Only the lines from the one that includes "⑦袖长 | ⑧袖臂围 | ||" through the last line below belong in the reply, copied exactly and without pictures.
(Dataset section Opens)
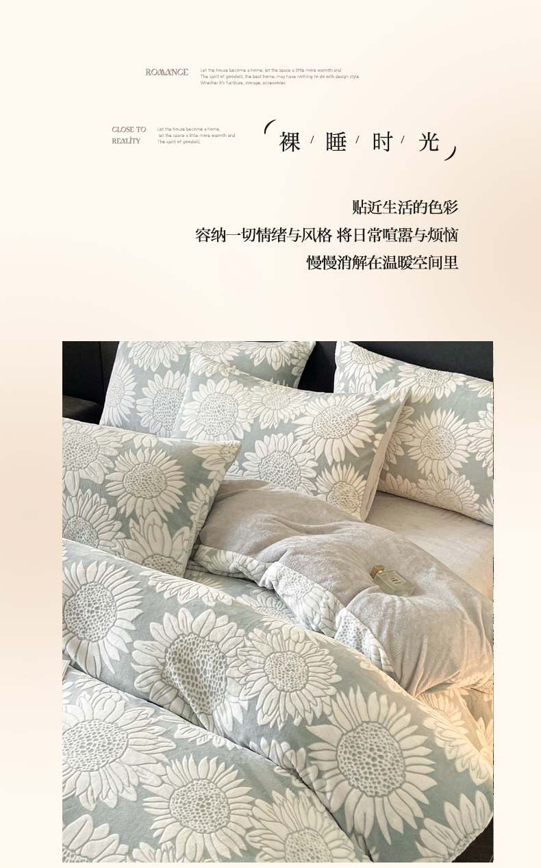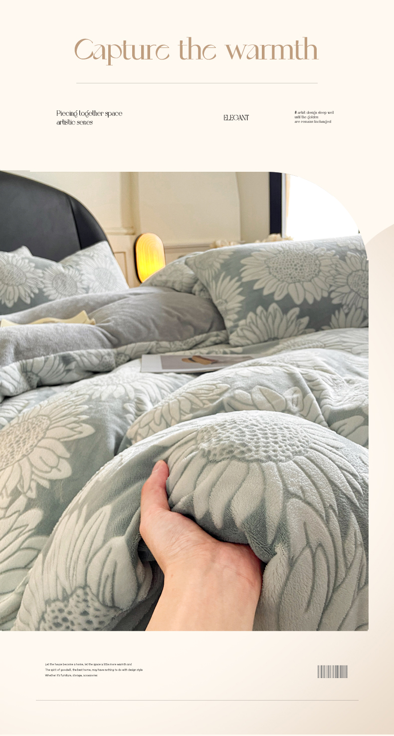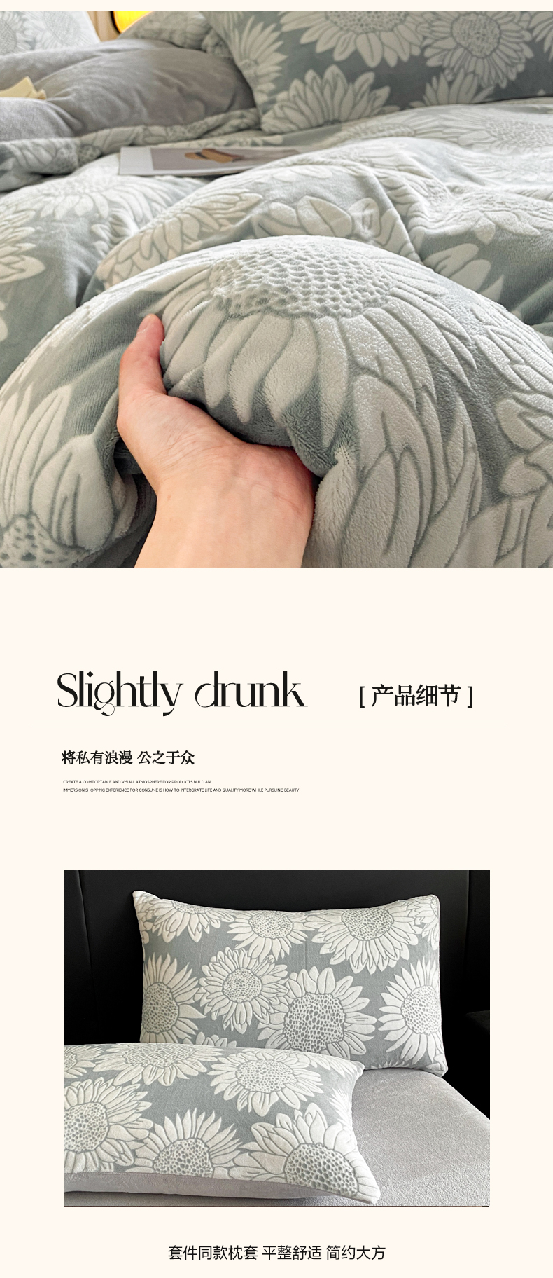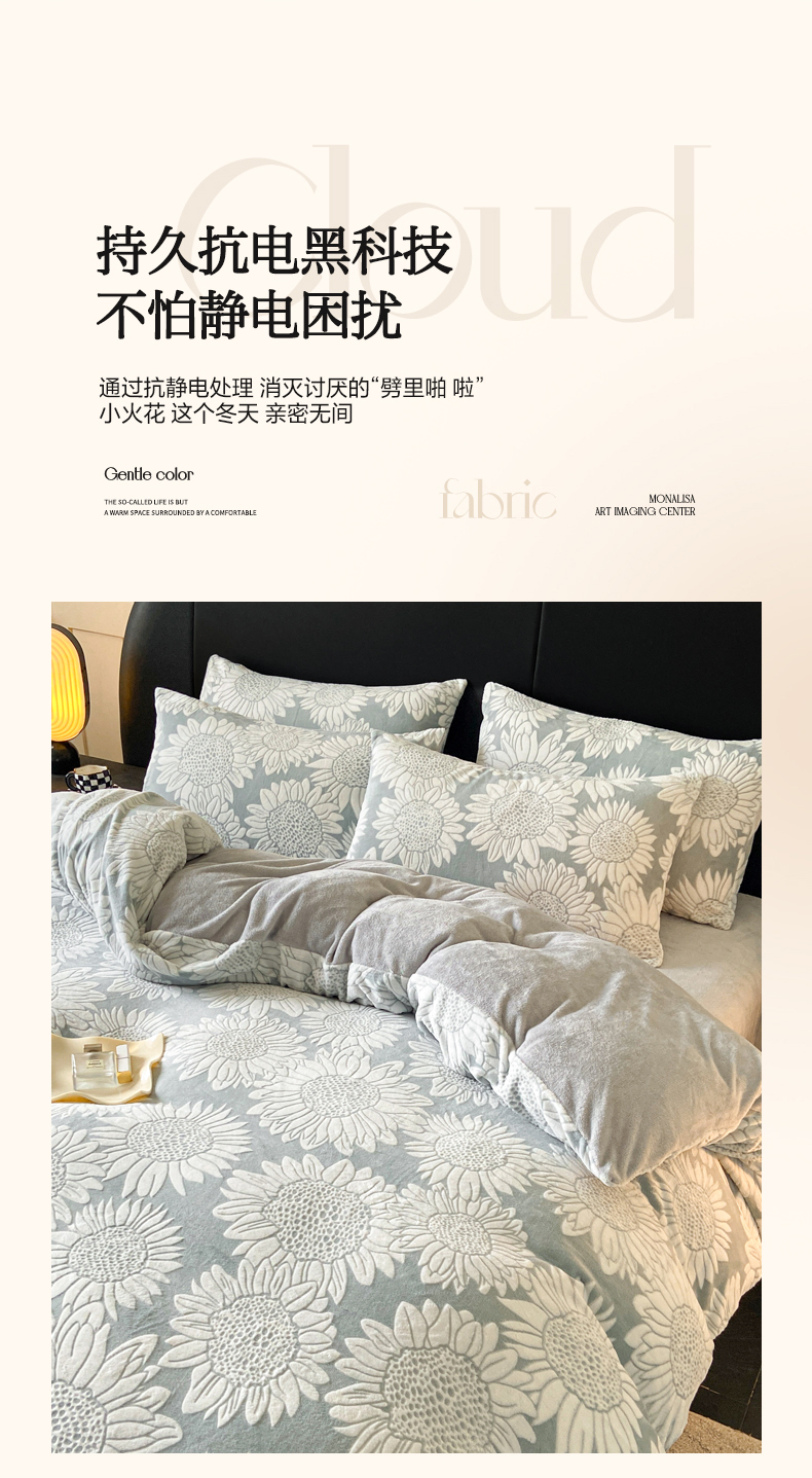 2024新款立体浮雕保暖加厚牛奶绒四件套 漫夏灰
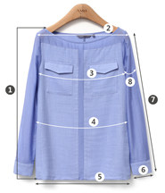 | 尺码 | ①衣长 | ②肩宽 | ③胸围 | ④腰围 | ⑤下摆围 | ⑥袖口围 | ⑦袖长 | ⑧袖臂围 | ||
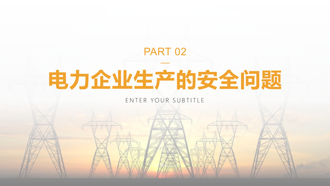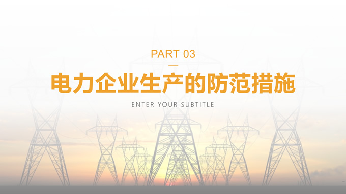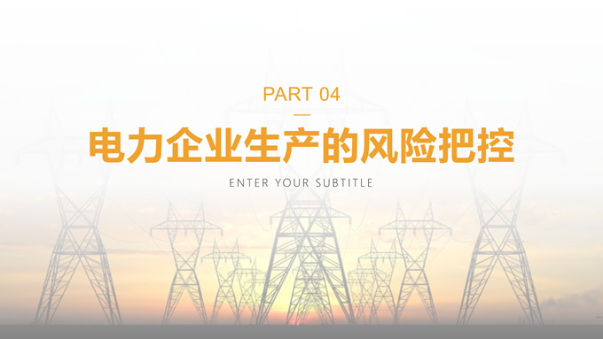 简介:黄色简约电力安全生产培训ppt模板,本模板共22P,目录:电力企业安全生产的概念、电力企业生产的安全问题、电力企业生产的防范措施、电力企业生产的风险把控,电力安全装备主图,极简约封面、目录页、过渡页,黄色警戒色配色,扁平化图表,电力素材配图简约版式内容页,适合电力安全生产培训,电力项目汇报等场景应用的电力行业通用ppt模板。
(Dataset section Closes)
» **Response area**
 | 尺码 | ①衣长 | ②肩宽 | ③胸围 | ④腰围 | ⑤下摆围 | ⑥袖口围 | ⑦袖长 | ⑧袖臂围 | ||
 简介:黄色简约电力安全生产培训ppt模板,本模板共22P,目录:电力企业安全生产的概念、电力企业生产的安全问题、电力企业生产的防范措施、电力企业生产的风险把控,电力安全装备主图,极简约封面、目录页、过渡页,黄色警戒色配色,扁平化图表,电力素材配图简约版式内容页,适合电力安全生产培训,电力项目汇报等场景应用的电力行业通用ppt模板。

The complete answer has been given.